Saturday, October 1 2022

CALGARY, Alta., August 11, 2022 /CNW/ – Enerplus Corporation (“Enerplus” or the “Company”) (TSX: ERF) (NYSE: ERF) today announced the acceptance by the Toronto Stock Exchange (the “TSX”) of its notice of normal course issuer bid (the auction”).

Pursuant to the Offer, Enerplus is offering to purchase through the TSX, New York Stock Exchange and/or other trading systems, from time to time over the next 12 months, if deemed desirable, up to 23,140,231 common shares, or 10% of the public float of Enerplus (as defined by TSX rules) at August 4, 2022.

Enerplus believes that, from time to time, the market price of its common shares trades in a price range that does not adequately reflect their underlying value. Accordingly, Enerplus has concluded that the repurchase of Common Shares for cancellation may represent an attractive investment which will increase the proportionate ownership interest in the Company of all remaining shareholders of the Company and will be beneficial to them.

The offer will be made in accordance with the normal course issuer bid rules of the TSX and/or the rule 10b-18 under the United States Stock Exchange Act of 1934, as amended, which contain restrictions on the number of Common Shares that may be purchased in a single day, subject to certain exceptions for bulk purchases, based on average daily trading volumes of Enerplus Common Shares at the applicable exchange. Subject to exceptions for bulk purchases, Enerplus will limit daily purchases of Common Shares on the TSX under the Offer to no more than 25% (424,314 Common Shares) of the average daily trading volume on the common shares on the TSX (1,697,260 common shares) on any trading day. Common Shares purchased under the Offer will be cancelled.

Enerplus is authorized to make purchases during the August 16, 2022 at August 15, 2023 or until the offer is completed or terminated at Enerplus’ option. Purchases under the Offer will be made by way of open market purchases at market prices, as well as other means permitted by the applicable securities authorities, including private agreements. Any purchase made by private agreement under an issuer bid exemption order issued by a securities regulatory authority will be made at a discount to the prevailing market price, as provided in any exemption order.

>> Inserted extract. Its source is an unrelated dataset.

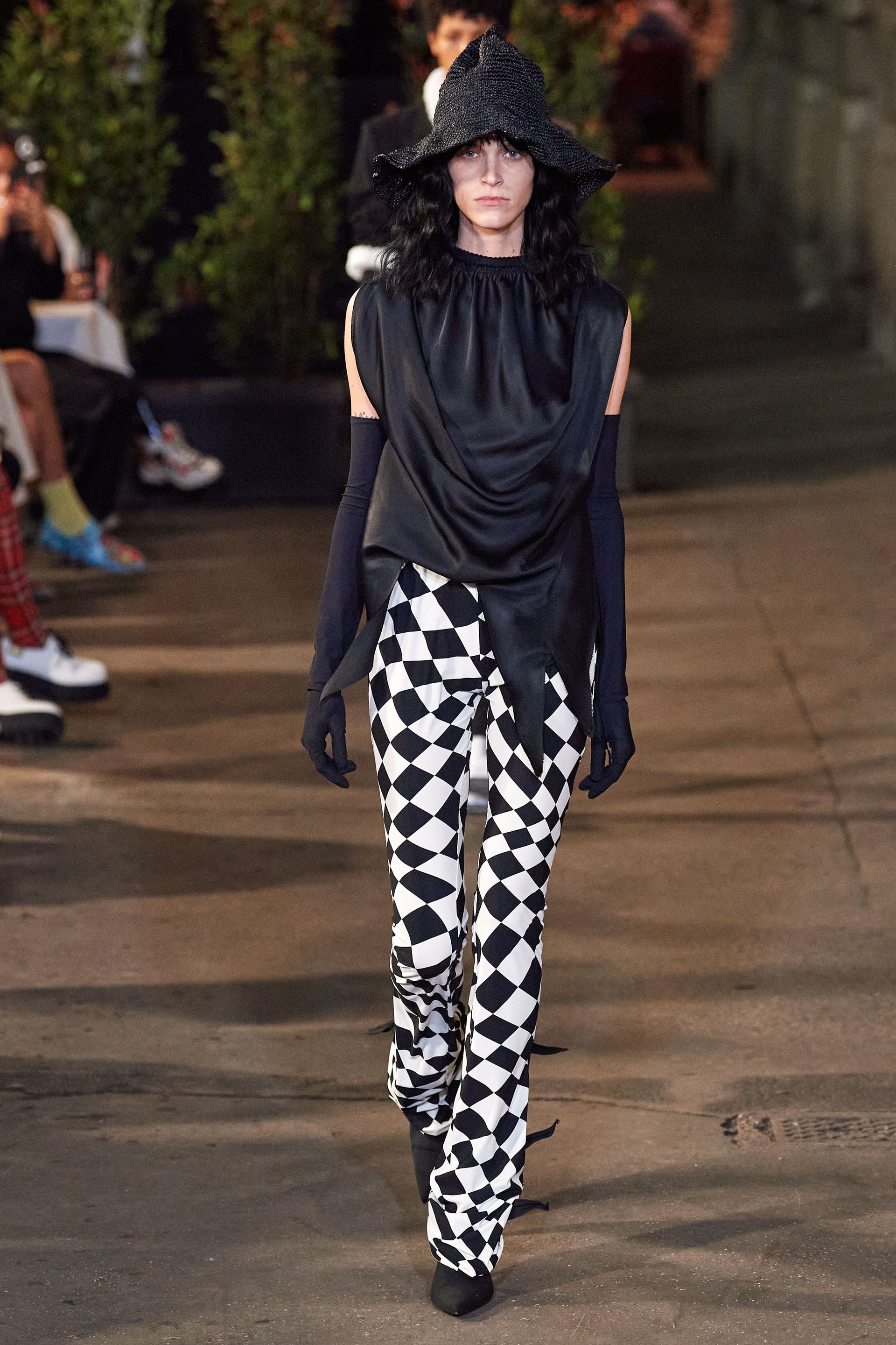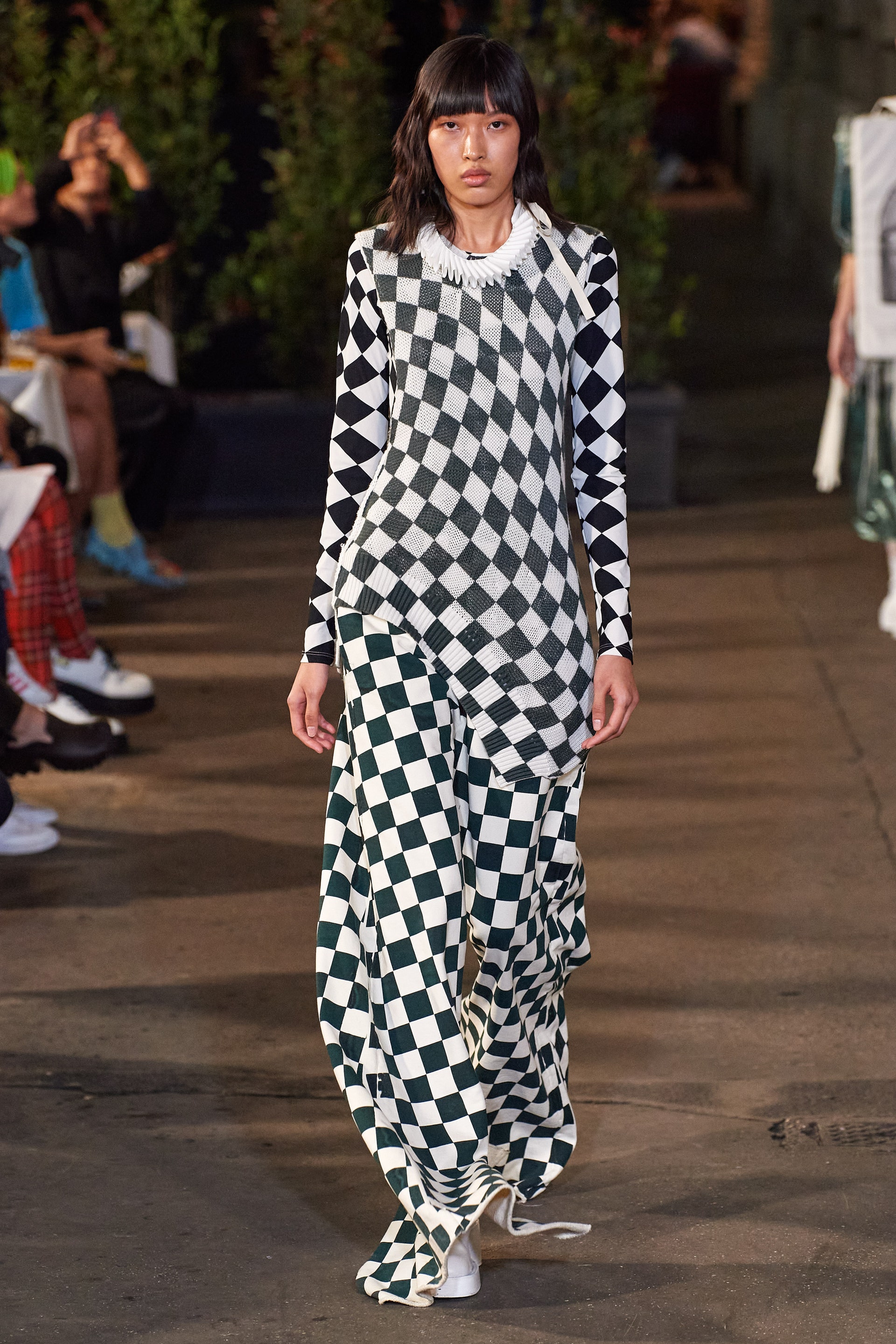 Яркими акцентами в коллекции стали шелковые топы в виде шахматной доски и покрытые шахматным принтом костюмы, которые напоминают о нарядах Клод Каон. Топ-платье в виде паутины навевает ассоциации с сюрреалистической колодой Таро, созданной Кэррингтон. Среди прочего, в коллекции традиционно использованы материалы, имитирующие бумагу, наслоения конструктивных деталей (например, косухи, связанные дополнительными рукавами) и романтические элементы, отсылающие к культурно-художественному наследию (гофрированные воротники-фрез).

Enerplus has entered into an automatic purchase plan prior to the commencement of any purchases under the Offer with a broker that will allow Enerplus to provide standard instructions and purchase Common Shares in the open market during trading periods. self-imposed ban. Outside of these blackout periods, common shares may be purchased at management’s discretion.

Under its previous public tender offer, Enerplus repurchased a total of 25,565,811 common shares at a weighted average price of $11.14 per share, excluding brokerage fees, which represents all of the common shares that Enerplus has applied for and has been granted approval to purchase under such prior public offering. Purchases were made on the open market.

About Enerplus

Enerplus is an independent North American exploration and production company focused on creating long-term value for its shareholders through a disciplined capital allocation strategy and a commitment to safe and responsible operations.

Forward-looking statements

Certain statements and other information included in this press release constitute “forward-looking information” within the meaning of applicable Canadian securities laws or constitute “forward-looking statements” within the meaning of applicable United States securities laws (collectively, the “statements forward-looking statements”). All statements in this press release, other than those relating to historical information or current conditions, are forward-looking statements, including, but not limited to, Enerplus’ intention to initiate a offer and the timing, methods and amount of any purchase of common stock under the Offer.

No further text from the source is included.